On n’a sans doute pas encore mesuré toutes les conséquences de la vie numérique sur le vivre- ensemble. Dès lors en effet que tout internaute, en plus de bénéficier des largesses de la société du spectacle depuis son canapé, est devenu, pour l’économie des plateformes, un client à choyer, alors le citoyen qui sommeille en lui réclame le même traitement. Comment supporter que l’on soit si bien traité par Amazon quand la société de livraison a perdu votre colis et que l’Urssaf vous fait patienter vingt minutes au téléphone ? Cette comparaison impossible entre la vie numérique, où tout est simple et fluide, et la vie analogique,où l’on ne s’occupe pas de chacun mais de tous, est l’un des grands problèmes que rencontre notre pays, et qui suscite le ressentiment de nos compatriotes, tant à l’égard de leurs responsables politiques qu’à l’égard de ceux qu’ils estiment « mieux servis au guichet » ou qui disposent des bons pistons pour gagner quelques places dans la file d’attente.

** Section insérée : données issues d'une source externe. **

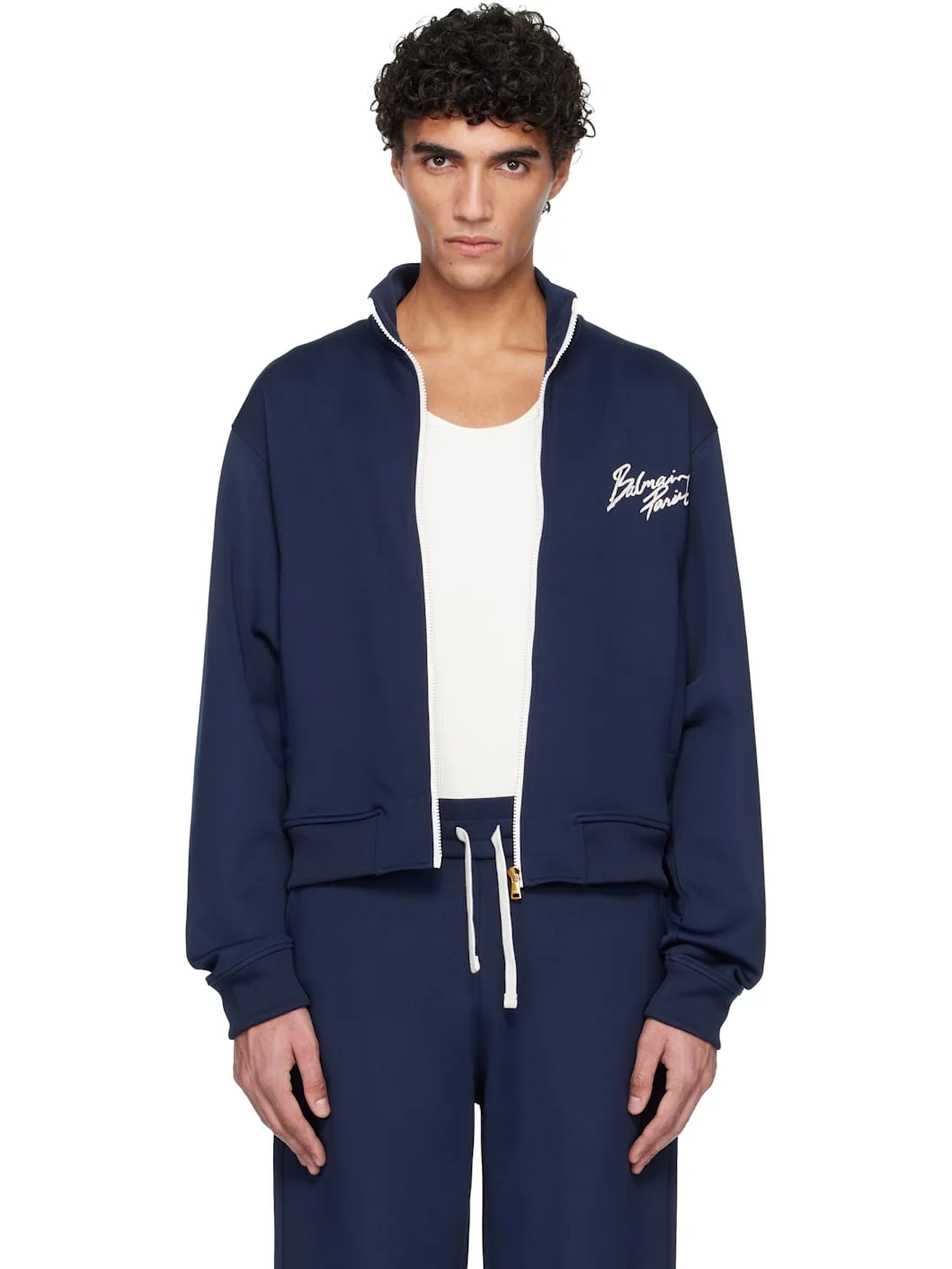 Stretch double-faced jersey track jacket. · Funnel neck · Two-way zip closure · Logo printed at chest · Welt pockets at waist · Rib-knit hem and cuffs · Unlined Supplier color: Marine/Blanc 73% polyester, 25% viscose, 2% elastane. Made in Portugal 261251M202001

À l’ère des ego, la France est-elle encore un pays gouvernable ? Comment gouverner un peuple-roi ? (Odile Jacob, 2019), se demandait le philosophe Pierre-Henri Tavoillot. Un art presque impossible ! D’autant que, en plus d’un nombrilisme exacerbé, nous assistons aussi à une multiplicité des revendications identitaires particulières, sources de débats souvent inflammables.
Tous minoritaires !
Guerre des origines, guerre des genres, guerre des identités… À première vue, il s’agirait là de phénomènes typiquement parisiens, qui ne toucheraient qu’une petite élite. En réalité, ils sont bien plus profonds que cela. Venue d’outre-Atlantique, une philosophie, qualifiée parfois de façon impropre de « woke » (éveillée), s’étend. Et rend la conversation de plus en plus compliquée : comment trouver un terrain d’entente lorsque votre interlocuteur place son identité sur le même plan que les idées ou les concepts ?

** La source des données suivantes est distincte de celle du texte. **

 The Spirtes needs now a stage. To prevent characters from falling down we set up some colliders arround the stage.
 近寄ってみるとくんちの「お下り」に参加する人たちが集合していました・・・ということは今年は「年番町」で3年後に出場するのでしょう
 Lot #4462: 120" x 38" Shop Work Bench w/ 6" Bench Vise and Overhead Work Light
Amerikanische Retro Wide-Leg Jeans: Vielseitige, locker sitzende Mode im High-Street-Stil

Ici, c’est la remise en cause des assignations de genre. Là, c’est la revendication d’un racialisme qui vient percuter le vieil antiracisme universaliste « à la française » (celui de « Touche pas à mon pote »). Là encore, ce sont les microrevendications singulières fondées sur le droit à se revendiquer d’une minorité : 40 % des Français estimaient appartenir, d’une manière ou d’une autre, à une « minorité », selon une enquête Viavoice de 2017. Les représentations de ces minorités dans l’espace public sont devenues mainstream ces dernières années, à travers des figures de la pop culture : Bilal Hassani concourt avec un partenaire masculin dans l’émission « Danse avec les stars », Audrey Fleurot incarne une neuroatypique HPI dans la série du même nom… La liste est longue des nouveaux arrivants qui surgissent dans l’espace culturel avec – ou grâce à – une identité remarquable, et qui jugent malaisants ou inappropriés les comportements des fameux boomers, adeptes de Michel Sardou et supposés tenants du patriarcat.
Rien de très problématique là-dedans, sur le papier. Car ce mouvement d’affirmation de soi est plus passionnant à observer que réellement dérangeant. Il n’est que de voir combien la pratique du tatouage ou du piercing s’est répandue comme une traînée de poudre ces dernières années pour réaliser à quel point chacun a envie de se distinguer, presque de se « labelliser » par rapport aux autres : un Français sur cinq est en effet tatoué, contre un sur dix il y a quinze ans.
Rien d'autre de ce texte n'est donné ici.